BAŞKAN LÜTFİ ELVAN - Buyurun.
MAHMUT TANAL (İstanbul) - Değerli Başkanım, şimdi tüm arkadaşlarımız, sağ olsunlar, bütçeyle alakalı kısma geldiler. Ben işin hukuki boyutuna geleceğim. Yani burada hukuki boyutu anlamında bizi ilgilendiren 14'üncü madde OHAL'le ilgili, İmar Kanunu'yla ilgili ve aynı zamanda Cumhurbaşkanlığıyla ilgili, atamalarla ilgili. Şimdi, başta, hemen 14'üncü madde de OHAL'le ilgili atılan kamu görevlileriyle alakalı. Şimdi, mevcut olan, kim suç işlemiş ise, kim suça bulaşmış ise mutlak surette cezalandırılmalıdır. Buna hiç kimsenin aması, fakatı vesairesi yoktur. Biz burada şunun derdindeyiz, yani şunu savunmaya çalışıyoruz: Geciken adalet adaletsizliktir. Bu, aşağı yukarı dünyanın her tarafında yazılı olan bir slogandır, beyinlere kazınmıştır bu. Ve 14'üncü maddede... Bakın, mevcut olan, burada kamu görevlisi arkadaşlarımız, 657'ye tabi olan herkes bilir ki 130'uncu madde ne diyor? "Devlet memuruna savunması alınmadan disiplin cezası verilemez. En az, savunmasını yapmak üzere yedi günlük bir süre vereceksiniz." diyor. 657'ye 130. Bunu bir tarafa yazalım. Anayasa 129/2 yine "Memurlar ve diğer kamu görevlileri ile kamu kurumu niteliğindeki mesleki kuruluşları ve bunların üst kuruluşları mensuplarına savunma hakkı tanınmadıkça disiplin cezası verilemez." diyor; Anayasa 129/2. Şimdi, biz yeni bir, sanki iyi bir düzenleme yapıyormuşuz gibi bunu getirmekle... İnanın, mevcut olan bizim 657 sayılı Devlet Memurları Kanunu'muz ve Anayasa'mızın 129'uncu maddesinin (2)'nci fıkrası yani o beğenmediğimiz Kenan Evren anayasası uygulansa inanın ki tüm hukuksuzluklar bitecek, hiçbir şeye ihtiyaç yok aslında. Bu maddeyi getirmekle -bakın, handikapları söyleyeyim, dezavantajlarını söyleyeyim- biz diyoruz ki: Bir, Ankara'da bir idare mahkemesinde, HSK'nin kurduğu bir idare mahkemesi... Demek ki biz hâkimlerimize güvenmiyoruz ve inanmıyoruz. Oraya yani siyasi amaçla -bizim talimatlarımıza, gözümüzün içine bakacaksın, ona göre karar vereceksin- sadece bir özel mahkeme getiriyoruz. Hani biz özel yetkili mahkemelere karşıydık? Mademki idare mahkemesi kamu kurumuyla ilgili diyoruz, bırakalım da arkadaşlar, hangi idare mahkemesine iş düşecekse düşsün. Biz yargıçlarımıza güvenmiyorsak, inanmıyorsak... Burada tek bir tane mahkeme kuruyorsunuz. Birinci handikap bu, yani bu risklidir.

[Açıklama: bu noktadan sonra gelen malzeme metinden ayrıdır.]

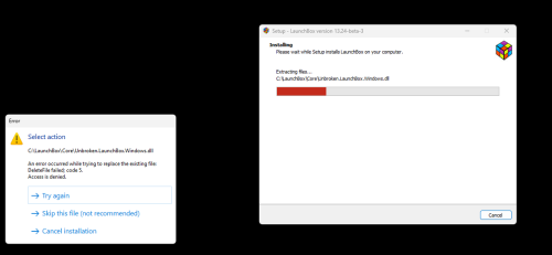 Fursphere Posted September 19 Posted September 19 9 minutes ago, faeran said: That's interesting. We run many updates, many times each release cycle, and haven't experienced that one yet. Just ran another one in Big Box after your post here but it seemed to run fine. If anyone else has experienced this exact thing, let us know, however, it's entirely possible it's some oddity happening on your machine, which while it would be nice to know, would be one of those hard ones to track down. I'm assuming that you can see 2 installer windows going on at the same time and you can put them next to each other? Or do you only get that access error message? I couldn't grab a screenshot fast enough. There were two running. First one finish and actually launched BigBox. Second one errored out.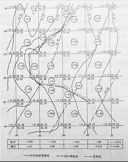 十五、施工高程的確定、標注零界線、土方量的計算: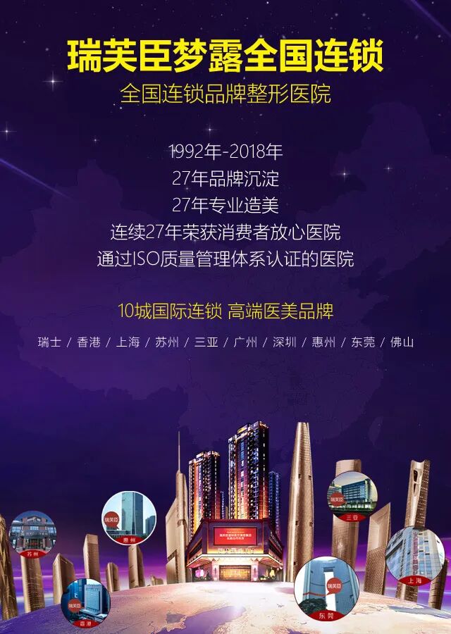 瑞芙臣医疗集团旗下的佛山梦露医学美容门诊部,位于佛山禅城区汾江中路43号,是佛山第一家整形美容品牌,拥有专业综合医疗背景的医学整形美容机构。多年来,佛山梦露医学美容门诊部始终以安全整形创百年品牌的理念为广大求美这提供优质的整形美容服务。2014年,佛山梦露医学美容门诊部再度品牌升级,学习瑞芙臣医疗集团来自中国、瑞士、韩国及欧洲等专业技术,目的是要成立佛山专业整形美容及抗衰老美容中心和拥有17年专注植发领域的医疗团队,形成更系统,更专业,更完善的医疗整形美容服务体系。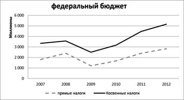 В 2009 г. косвенные налоги, впервые за анализируемый период, незначительно, но все же перевесили поступления прямых налогов.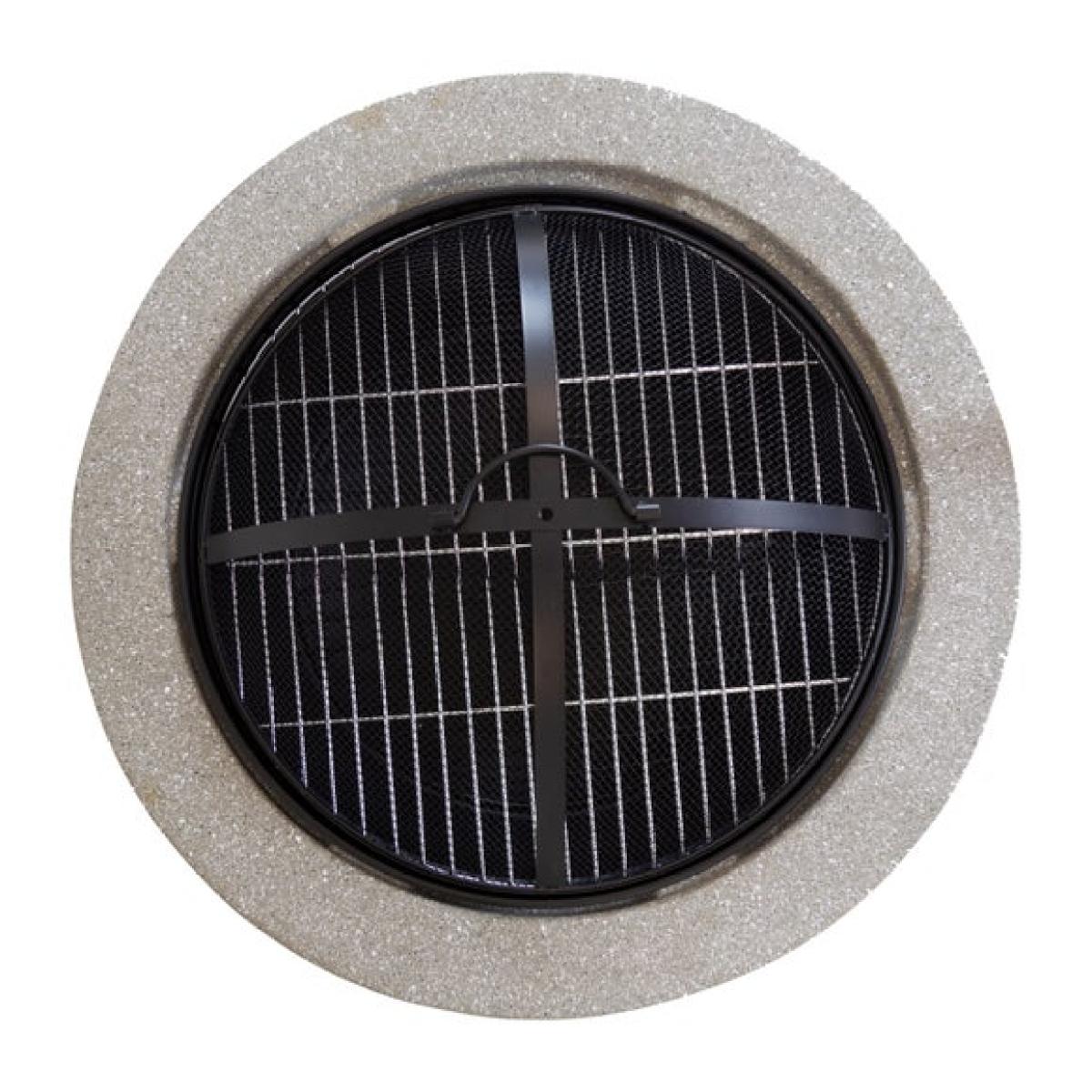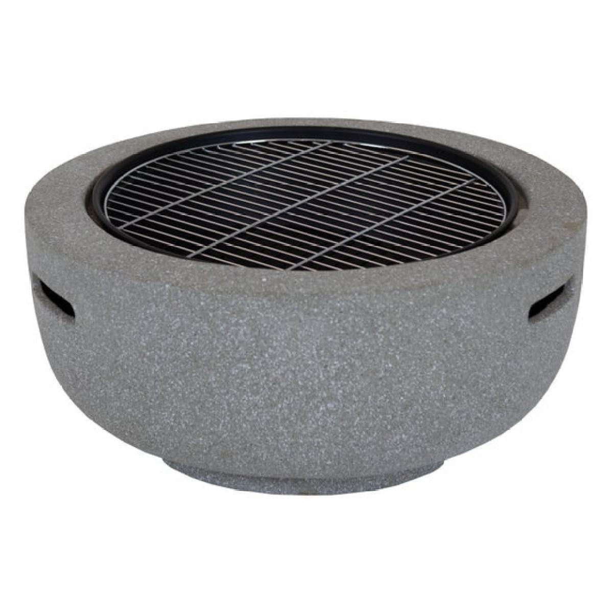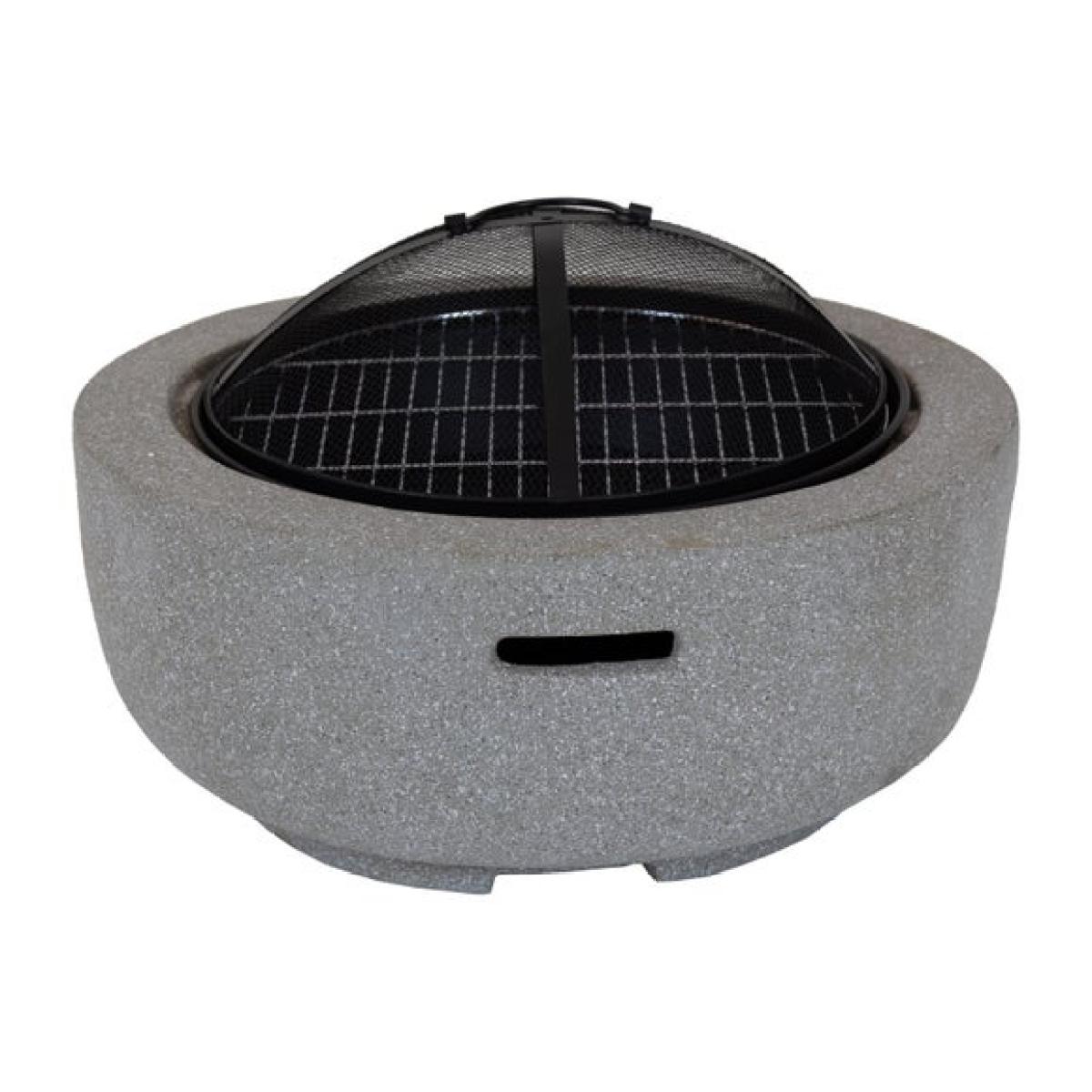 * Metal fire pit * Stone effect * Durable steel Bring a soft stone effect and practical design to your garden with this round fire pit. Lightweight yet strong, it is easy to move and simple to assemble. The mesh cover adds safety while the included grill opens up options for casual cooking.

İki: E, tamam, yani her bakanlıkta komisyon kurulsun. Arkadaşlar, biz burada adaletin gerçekleşmesini geciktiriyoruz, set çekiyoruz, sürekli yeni yeni kurumlar getirerek vatandaşın Anayasa Mahkemesine gitmesini engelliyoruz. Vatandaşın Avrupa İnsan Hakları Mahkemesine gitmesini engellemekten ziyade -özür dilerim, telaffuz yanlış olur- geciktiriyoruz, geciktirme de adaletin tecellisine, "Geciken adalet adaletsizliktir" ilkesine tam şablon olarak oturuyor. Benim sizden istirhamım yani biz eğer gerçekten... Mevcut olan 657 sayılı Devlet Memurları Kanunu'nun 129'uncu maddesi keşfi veriyor, tanık dinlemesini veriyor, her türlü yetkiyi veriyor. E, peki, Sayın Başkanımız kurumun amiri, disiplin cezasıyla bu şekilde, Allah göstermesin, atıldı, ihraç edildi, peki, onun altında bulunan memur gelip onu mu cezalandırılacak? Yani sizin bu mantıkla, bu silsileyle diğeri atmışsa nasıl ona karşı bir karar verilebilecek, mümkün mü? Mümkün değil arkadaşlar, sizden istirham ediyorum yani bu doğru bir uygulama değil. Ha, bununla ilgili illaki bu maddeyi geçirecekseniz biraz hukukçulardan -Anayasa hukuku hocası Sayın İbrahim Kaboğlu Hocamız burada- ve kamu kurumlarından bir görüş almak gerekir. Adalet Bakanlığı burada, Allah rızası için bir görüşü yok mu ya, bir görüş bildirsinler bize; bu bir.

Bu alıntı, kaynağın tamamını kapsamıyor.